## TASK TO COMPLETE
From the first line of the data below through the line holding "Close-up of a", output each line exactly and leave the pictures out.

── DATA TO EXAMINE ──

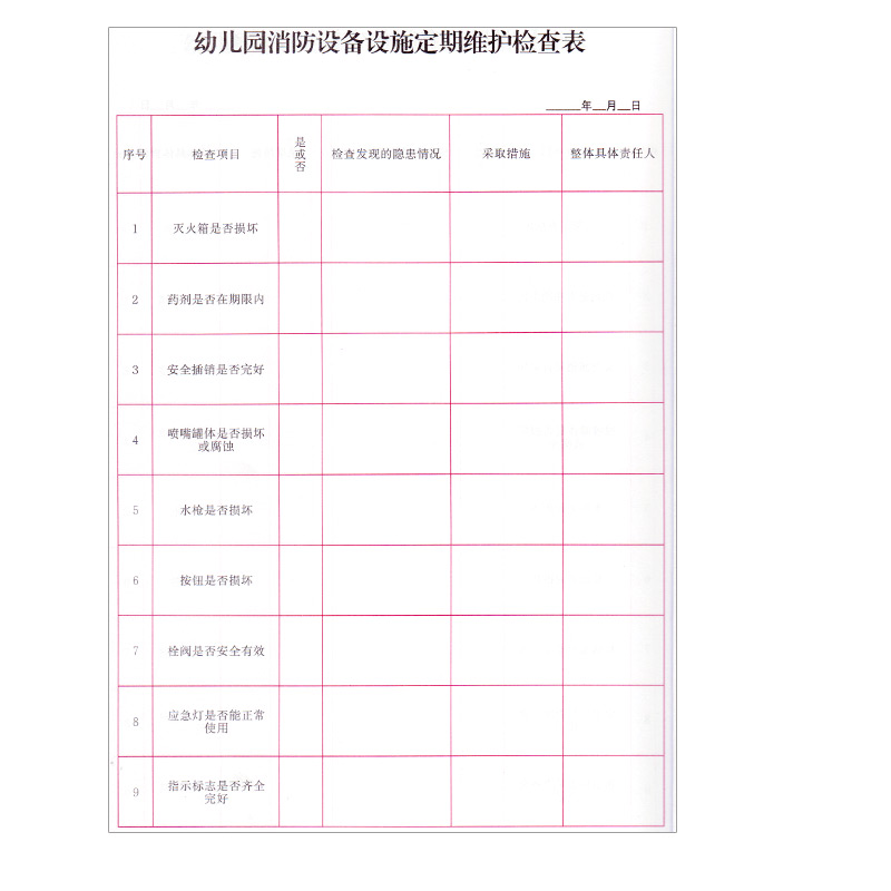 幼儿园安保综合治理登记本安保综合治理记录校进出人员登记消防设施维护安全演练安全检查制度安保防护器械登记幼师安全工作月记录
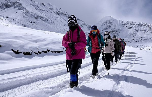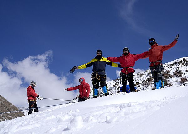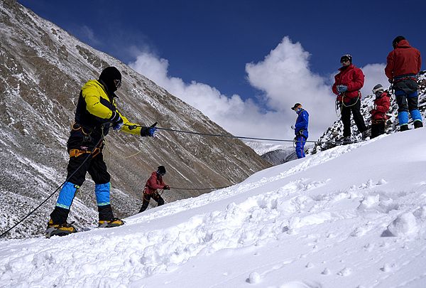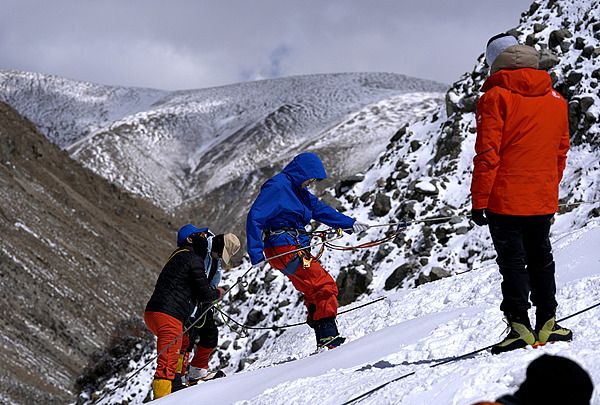 西藏拉萨:登山爱好者雪山技术训练备战西藏洛堆峰冲顶
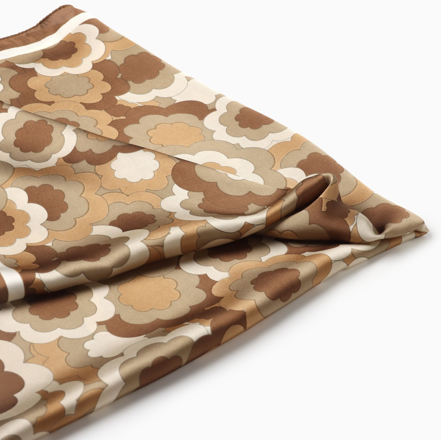 Нежный платок на шею, льющаяся ткань. Но быстро появляются затяжки, если потянуть ее, типа как разрывы
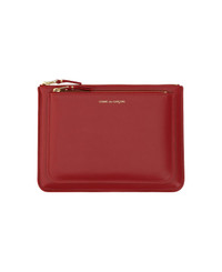 Calfskin wallet by comme des garcons, top zip fastening, flat patch pocket on the front with zip for closure, contrasting gold-plated sliders, iconic brand monogram printed in contrasting pressure on the front. Composition: 100% % Calf Leather Bos Taurus Made in: Spain Color: Red Size and fit: - Length 22 cm Width 16 cm Model number: SA5100OP3
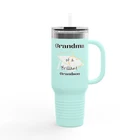 "Grandma of a Brilliant Grandson" Experience hydration on the go with this versatile insulated travel mug. Designed for adventure and daily use, it keeps your drinks hot or cold for hours. Whether you’re hiking, commuting, or enjoying outdoor events, this travel mug fits seamlessly into your active lifestyle. Perfect for Graduations, family outings, picnics, or as a thoughtful gift for friends and loved ones, it adds a personal touch to any occasion. Celebrate family bonds on holidays and special events, making it a cherished addition to your drinkware collection. Product features - Crafted from durable stainless steel for long-lasting use - Double-wall insulation ensures drinks remain hot or cold for hours - Generous 40oz capacity ideal for long trips and outdoor adventures - Ergonomic handle offers comfort and ease of use - Leak-proof lid keeps your beverages secure during travel Care instructions - Clean in dishwasher (put the product on top rack), or wash by hand with warm water and dish soap
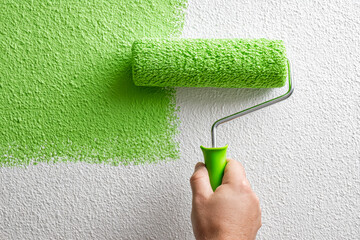 Close-up of a paint roller applying vibrant green paint to a textured wall.
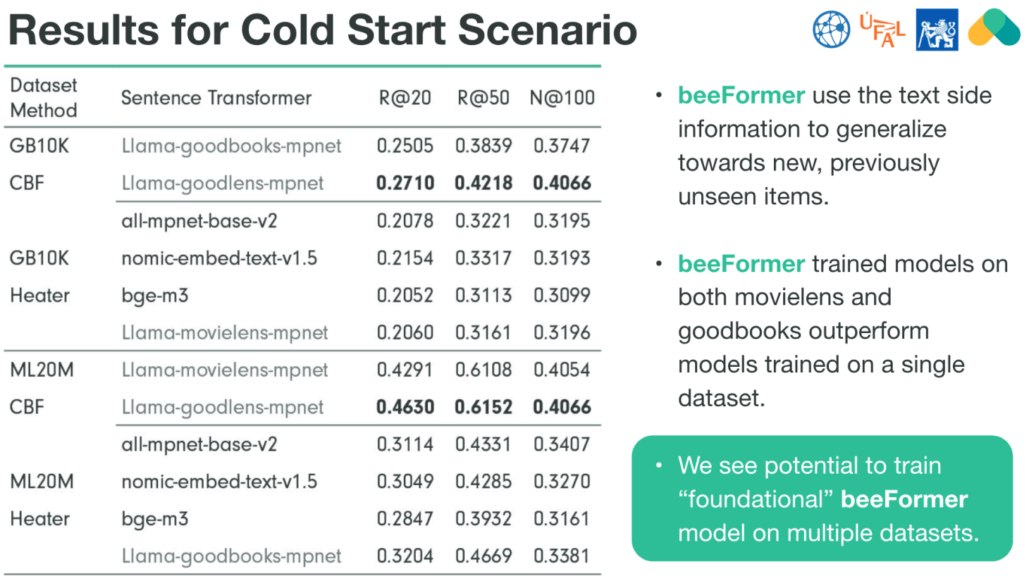 Furthermore, in cold-start situations where new items or users are introduced with limited interaction data, beeFormer excels by utilizing foundational knowledge from multiple datasets, making it a valuable tool for a wide range of industries and applications. The success of models like Llama-goodlens-mpnet across different domains suggests a promising future for building universal, foundational recommender systems. With further development and expansion into multi-modal datasets, beeFormer could become a cornerstone of modern recommendation technology, delivering highly personalized and accurate recommendations, even in the most data-sparse environments.
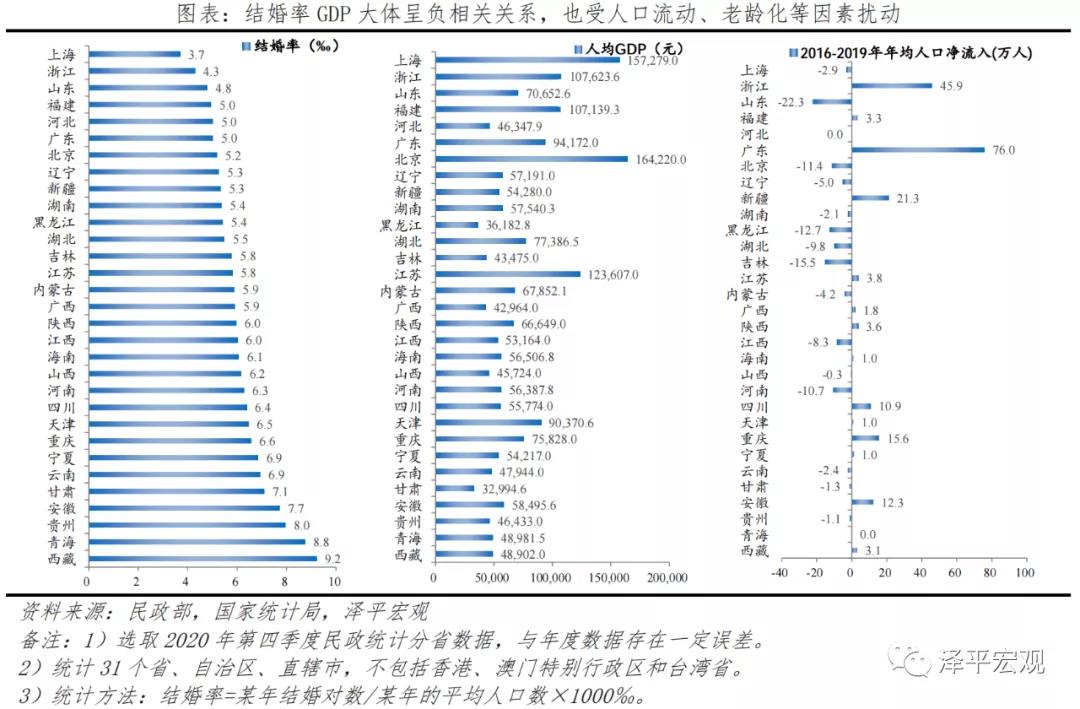 2013年以来,中国多数地区结婚率出现下滑。但地区之间存在差异,与GDP大体呈负相关关系,也受人口流动、老龄化等因素扰动。具体来看,
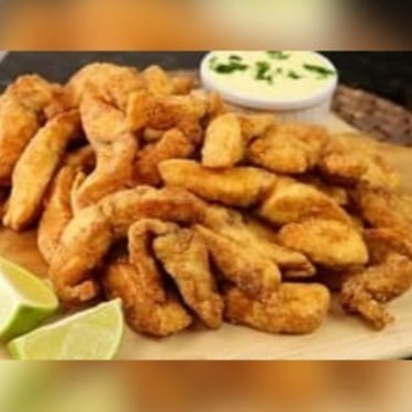 Tilápia empanada e frita, crocante por fora e macia por dentro, perfeita para petiscar.
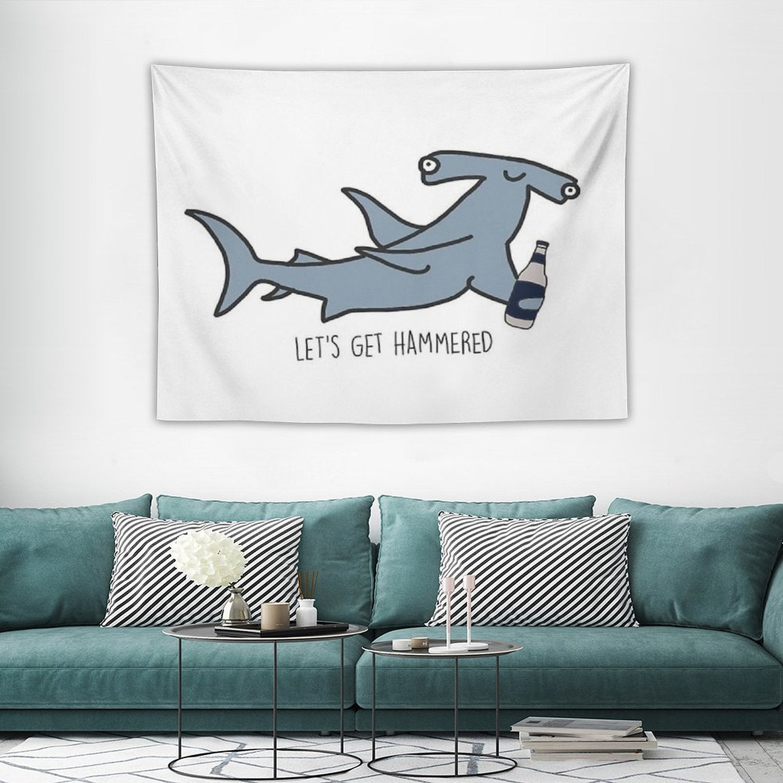 BionZax's Lets Get Hammered Hammerhead Shark Tapestry for Bedroom, College Dorm. Lets Get Hammered Hammerhead Shark Tapestry to decorate your bedroom, college dorm, living room, or kitchen wall, it is the best gift for funny, meme, aesthetic, trendy, simple, fashion, music, abstract, fantasy, modern tapestry for girls, men, boys, teen, women, kids.

───

## TASK OUTPUT
 幼儿园安保综合治理登记本安保综合治理记录校进出人员登记消防设施维护安全演练安全检查制度安保防护器械登记幼师安全工作月记录
 西藏拉萨:登山爱好者雪山技术训练备战西藏洛堆峰冲顶
 Нежный платок на шею, льющаяся ткань. Но быстро появляются затяжки, если потянуть ее, типа как разрывы
 Calfskin wallet by comme des garcons, top zip fastening, flat patch pocket on the front with zip for closure, contrasting gold-plated sliders, iconic brand monogram printed in contrasting pressure on the front. Composition: 100% % Calf Leather Bos Taurus Made in: Spain Color: Red Size and fit: - Length 22 cm Width 16 cm Model number: SA5100OP3
 "Grandma of a Brilliant Grandson" Experience hydration on the go with this versatile insulated travel mug. Designed for adventure and daily use, it keeps your drinks hot or cold for hours. Whether you’re hiking, commuting, or enjoying outdoor events, this travel mug fits seamlessly into your active lifestyle. Perfect for Graduations, family outings, picnics, or as a thoughtful gift for friends and loved ones, it adds a personal touch to any occasion. Celebrate family bonds on holidays and special events, making it a cherished addition to your drinkware collection. Product features - Crafted from durable stainless steel for long-lasting use - Double-wall insulation ensures drinks remain hot or cold for hours - Generous 40oz capacity ideal for long trips and outdoor adventures - Ergonomic handle offers comfort and ease of use - Leak-proof lid keeps your beverages secure during travel Care instructions - Clean in dishwasher (put the product on top rack), or wash by hand with warm water and dish soap
 Close-up of a paint roller applying vibrant green paint to a textured wall.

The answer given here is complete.